Les résultats d’une étude menée sur la population francilienne tendent à confirmer ce constat : le statut socioéconomique des individus enquêtés n’est pas un facteur discriminant en matière de recherche d’information santé en ligne, déduction faite à partir de leur couverture de maladie universelle. En outre, cette étude soulève d’autres critères pouvant influencer le recours au web pour rechercher des informations de santé tels que le genre (homme ou femme, garçon ou fille), la vie urbaine (le fait de vivre en ville ou en banlieue) et la vie en couple (personne vivant seule ou avec un(e) conjoint(e)). La barrière linguistique a également été relevée comme source de fracture numérique pour les personnes d’origine étrangère qui ne maîtrisent pas la langue française [Renahy et al., 2008]. Pour cette dernière situation,

la fracture numérique se double d’une « fracture linguistique » [OIF, 2010]. À l’échelle mondiale, la situation évolue et s’unifie peu à peu : les ménages dans les pays en voie de développement se dotent progressivement d’ordinateurs personnels

et des moyens de substitution comme la communication par satellite et via un

appareil mobile sont mis en œuvre pour se connecter [OMS, 2005].

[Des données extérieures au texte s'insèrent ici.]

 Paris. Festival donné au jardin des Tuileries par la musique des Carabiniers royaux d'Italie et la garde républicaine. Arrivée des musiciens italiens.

Les principales victimes de la fracture numérique sont les mêmes que celles qui ont le plus faible niveau de littératie en santé. Il s’agit des personnes qui ont un minimum de revenu, sans diplôme, sans emploi et socialement isolées alors que ce

sont aussi celles qui auraient le plus besoin d’être informées dans ce domaine. Elles

sont pour la plupart éloignées des systèmes de soins et sont plus malades que les personnes favorisées sur le plan socioéconomique [Renahy, 2008]. Une étude plus récente a donné lieu au même résultat en soulignant que ce sont ceux qui en ont le moins besoin qui profitent le plus des outils numériques dans la gestion de leur santé, c’est-à-dire les personnes les plus favorisées sur le plan socioéconomique [LauMa Communication et Patients & Web, 2013]. Face à ce constat, plusieurs auteurs ont émis leur crainte de voir s’aggraver les inégalités sociales en matière de santé, un fossé que continueraient à creuser progressivement internet et la fracture numérique [CISS, 2012b ; Hardey, 2004 ; Renahy, 2008 ; Thoër et al., 2012]. Les inégalités constatées sont sur deux niveaux, d’où la définition de « double fracture numérique » : d’une part, les disparités d’accès à internet et d’autre part, les écarts de compétences dans l’utilisation de l’outil incluant l’aptitude à évaluer la fiabilité des informations consultées. La fiabilité est un des critères indissociables de la qualité de l’information, et c’est aussi l’un des principaux problèmes irrésolus du web de la santé que nous allons analyser dans la partie qui suit.